BEGIN Data records

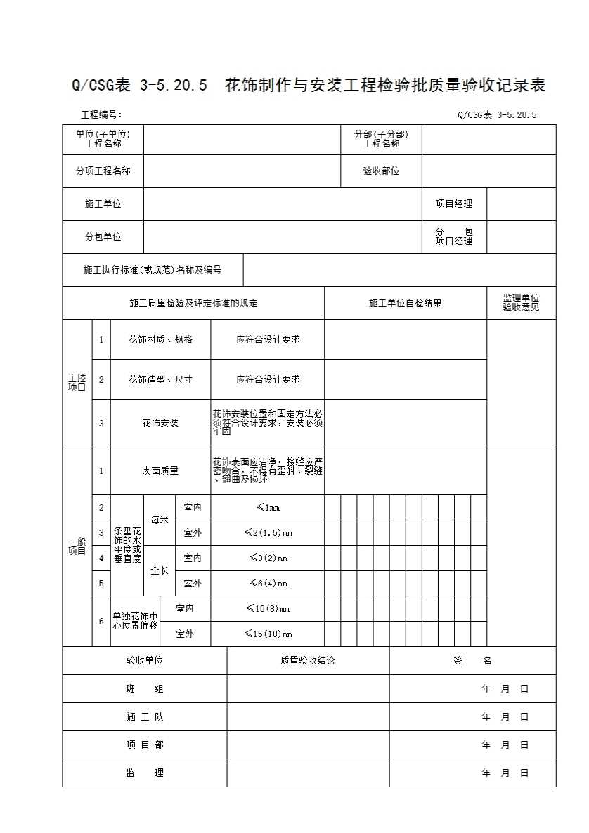 QCSG 表 3-5.20.5 花饰制作与安装工程检验批质量验收记录表
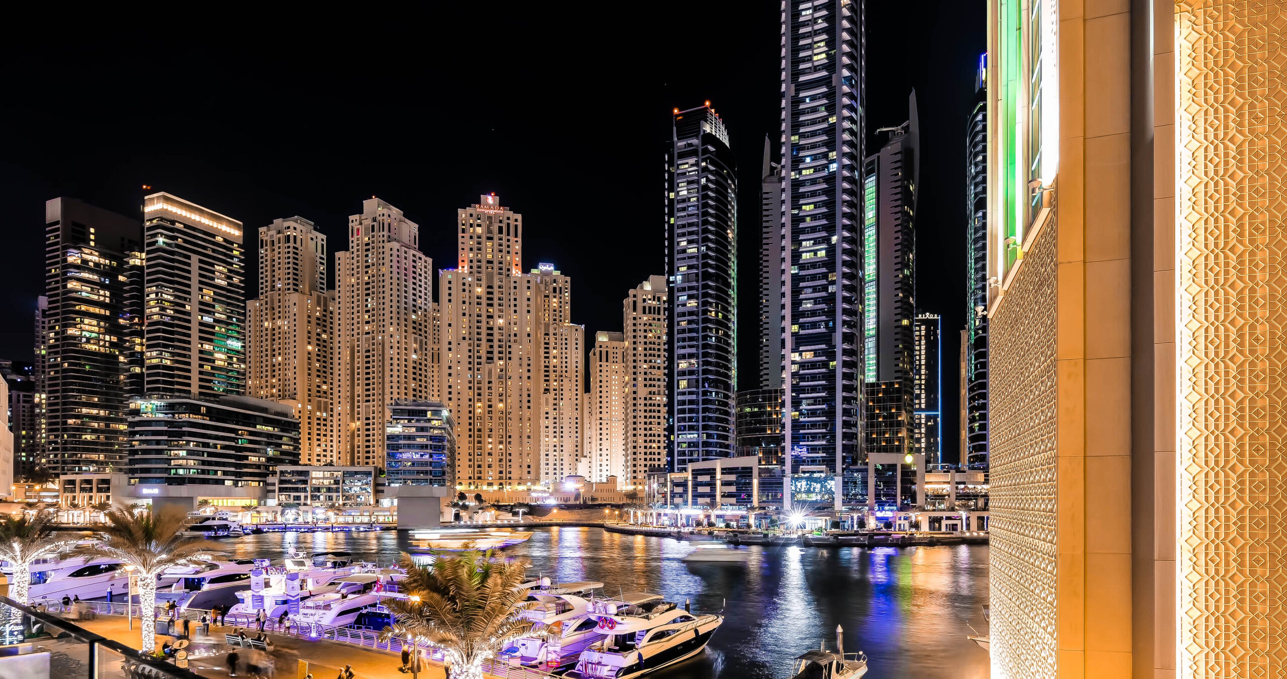 Dubai Marina skyline yacht harbor architecture travel at night twilight in United Arab Emirates
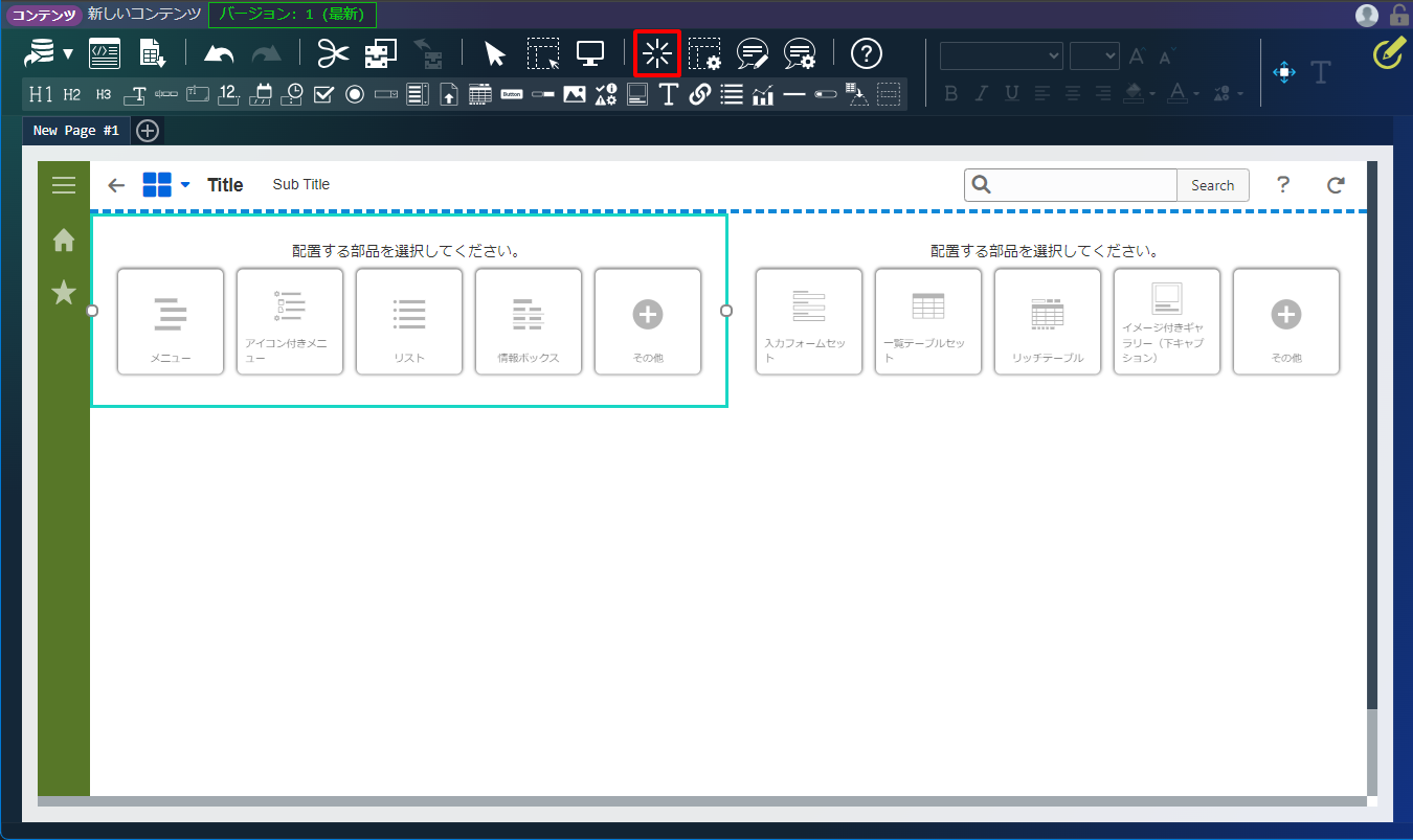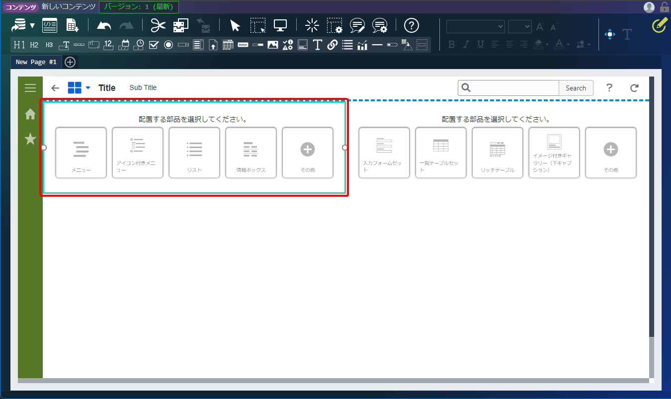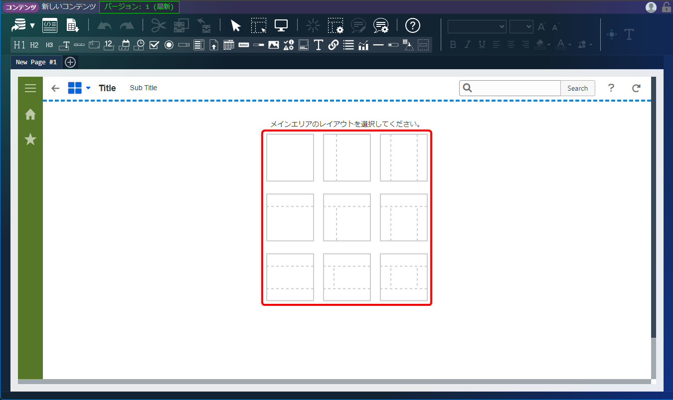 コンテンツウィザードのテンプレート選択で「レイアウト選択から」を選択した場合、デザイナ(レイアウトモード)画面を表示した時に画面のレイアウトを選択できます。
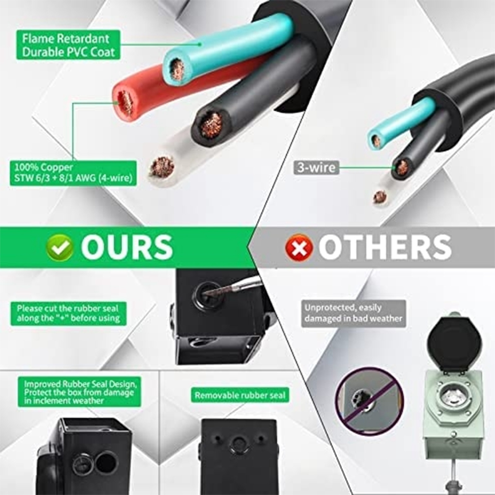 【25FT Power Cord 】-The 25FT length generator cord is suitable for long-distance operation. Possessing the capacity of STW, this 50 amp generator cord can be used indoors and outdoors in all weather and seasons.
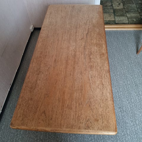 Pent teakbord, men trenger nok litt rens og ny olje.
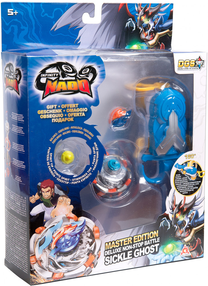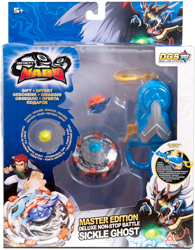 Волчок Infinity Nado линейки Мастер состоит из 5 основных частей: аватара Надо, кристалла, атакующего кольца, защитного кольца и наконечника. Эти элементы являются взаимозаменяемыми со всеми волчками серий Классик, Ориджинал, Адвансд и Алтимейт.
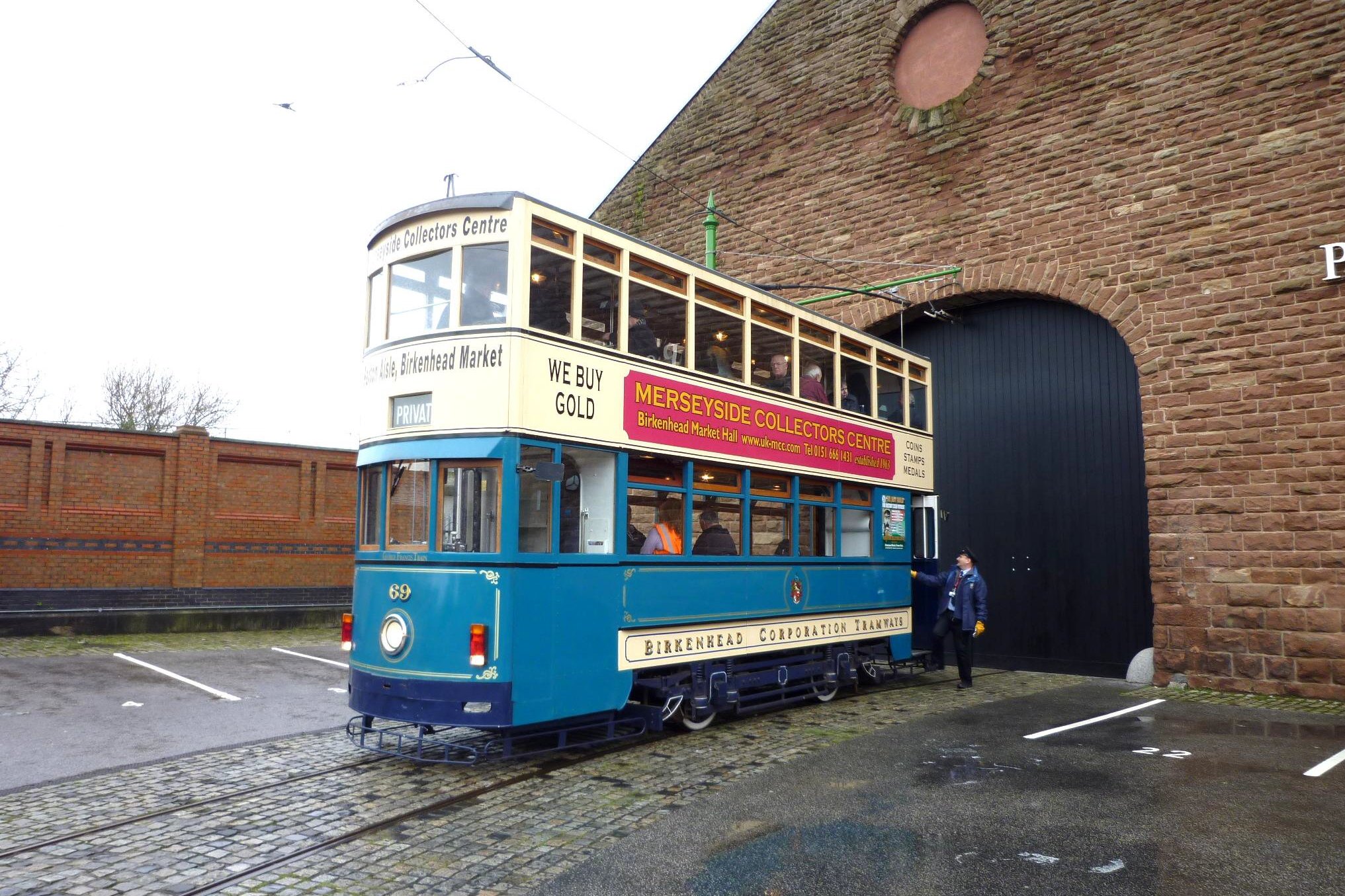Tram no.69 at the doors of the former Pacific Road depot during our visit to the Merseyside Tram Preservation Society on the Wirral on Saturday 6th February 2016. [© Howard Everitt 2016]
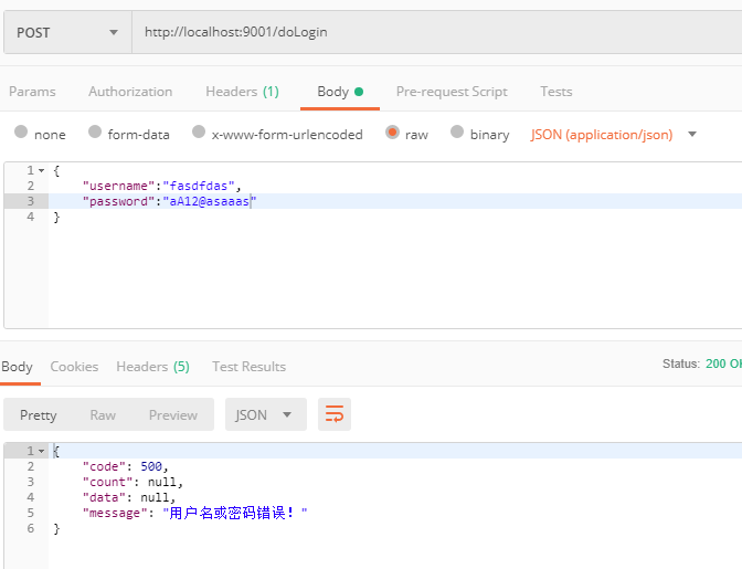 throw new BusinessException(500, "用户名或密码错误!");
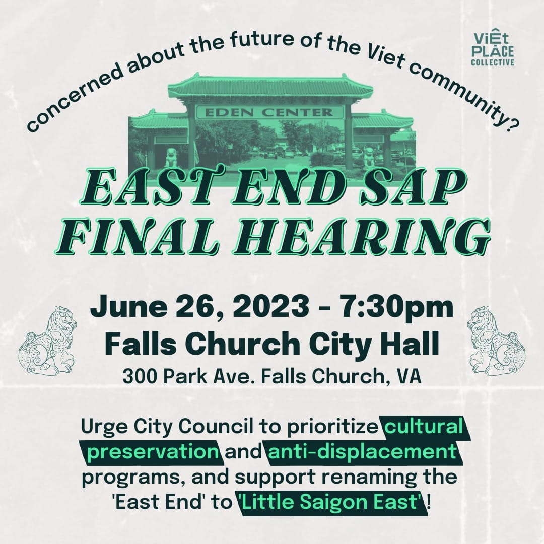 On their website, VPC could now translate their successful campaign to alter the City's East End SAP into greater credibility: "Viet Place Collective is an all-volunteer grassroots organization that aims to build power across generations to uplift and uphold the Vietnamese community's legacy in the DMV. VPC formed in Dec. 2022 in response to a redevelopment plan by the City of Falls Church over concerns about displacement of the majority-Vietnamese small businesses of Eden Center, the largest Vietnamese cultural and commercial hub on the East Coast and the cornerstone of our community in the region. We’ve championed the importance of preserving a cultural hub, recognizing the Vietnamese community's history of displacement as part of a greater trend of gentrification nationally. Within just a year, VPC's advocacy has improved conditions at Eden Center, brought Vietnamese voices and an anti-displacement toolkit to the City’s plan, and raised the City's standard for equitable outreach to impacted populations."
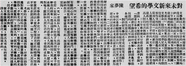 并非不满于现时的文学,成绩是不能抹杀的。抗战八年以前,小说诗歌及文学各部门进快(“快”系手民之误,当为“化”)都很快。
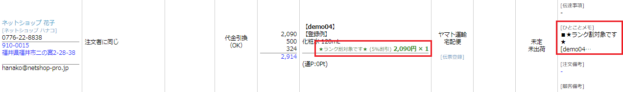 適用されている顧客ランク、その割引条件等の詳細が表示されます。
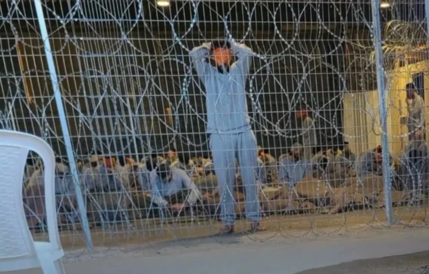 Në një bazë ushtarake në shkretëtirën Negev të Izraelit, që tani shërben si qendër paraburgimi, është shkrepur një foto e skenës. Aty shihet i burgosuri me sy të lidhur, Ibrahim Salem. Salem tashmë është liruar nga burgu dhe rrëfen për abuzimin dhe torturën seksuale që ka përjetuar nga ushtria izraelite.
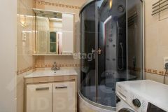 Санузел раздельный, полностью выложен керамической плиткой, душевая кабина.
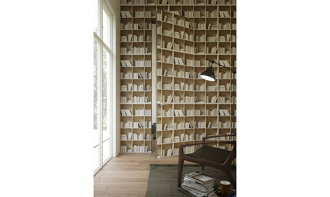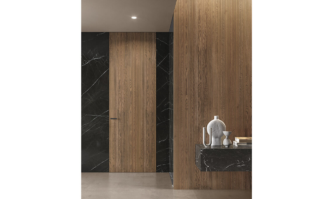In legno inciso, la filomuro a tutta altezza Onda in finitura rovere simula un rivestimento murale e può integrarsi con la boiserie della stessa serie [Garofoli, cm 90x270h € 3.539].
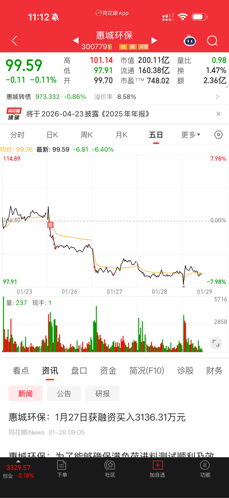 $惠城环保(SZ300779)$ 这个还有救吗,我126进去的,现在100都不到了,一路补一路跌,目前成本112,还能解套吗,不行我就割肉了

END Data records

What you need to do
When you repeat the data, keep every line exact and drop the images.

Written solution
 QCSG 表 3-5.20.5 花饰制作与安装工程检验批质量验收记录表
 Dubai Marina skyline yacht harbor architecture travel at night twilight in United Arab Emirates
 コンテンツウィザードのテンプレート選択で「レイアウト選択から」を選択した場合、デザイナ(レイアウトモード)画面を表示した時に画面のレイアウトを選択できます。
 【25FT Power Cord 】-The 25FT length generator cord is suitable for long-distance operation. Possessing the capacity of STW, this 50 amp generator cord can be used indoors and outdoors in all weather and seasons.
 Pent teakbord, men trenger nok litt rens og ny olje.
 Волчок Infinity Nado линейки Мастер состоит из 5 основных частей: аватара Надо, кристалла, атакующего кольца, защитного кольца и наконечника. Эти элементы являются взаимозаменяемыми со всеми волчками серий Классик, Ориджинал, Адвансд и Алтимейт.
Tram no.69 at the doors of the former Pacific Road depot during our visit to the Merseyside Tram Preservation Society on the Wirral on Saturday 6th February 2016. [© Howard Everitt 2016]
 throw new BusinessException(500, "用户名或密码错误!");
 On their website, VPC could now translate their successful campaign to alter the City's East End SAP into greater credibility: "Viet Place Collective is an all-volunteer grassroots organization that aims to build power across generations to uplift and uphold the Vietnamese community's legacy in the DMV. VPC formed in Dec. 2022 in response to a redevelopment plan by the City of Falls Church over concerns about displacement of the majority-Vietnamese small businesses of Eden Center, the largest Vietnamese cultural and commercial hub on the East Coast and the cornerstone of our community in the region. We’ve championed the importance of preserving a cultural hub, recognizing the Vietnamese community's history of displacement as part of a greater trend of gentrification nationally. Within just a year, VPC's advocacy has improved conditions at Eden Center, brought Vietnamese voices and an anti-displacement toolkit to the City’s plan, and raised the City's standard for equitable outreach to impacted populations."
 并非不满于现时的文学,成绩是不能抹杀的。抗战八年以前,小说诗歌及文学各部门进快(“快”系手民之误,当为“化”)都很快。
 適用されている顧客ランク、その割引条件等の詳細が表示されます。
 Në një bazë ushtarake në shkretëtirën Negev të Izraelit, që tani shërben si qendër paraburgimi, është shkrepur një foto e skenës. Aty shihet i burgosuri me sy të lidhur, Ibrahim Salem. Salem tashmë është liruar nga burgu dhe rrëfen për abuzimin dhe torturën seksuale që ka përjetuar nga ushtria izraelite.
 Санузел раздельный, полностью выложен керамической плиткой, душевая кабина.
In legno inciso, la filomuro a tutta altezza Onda in finitura rovere simula un rivestimento murale e può integrarsi con la boiserie della stessa serie [Garofoli, cm 90x270h € 3.539].
 $惠城环保(SZ300779)$ 这个还有救吗,我126进去的,现在100都不到了,一路补一路跌,目前成本112,还能解套吗,不行我就割肉了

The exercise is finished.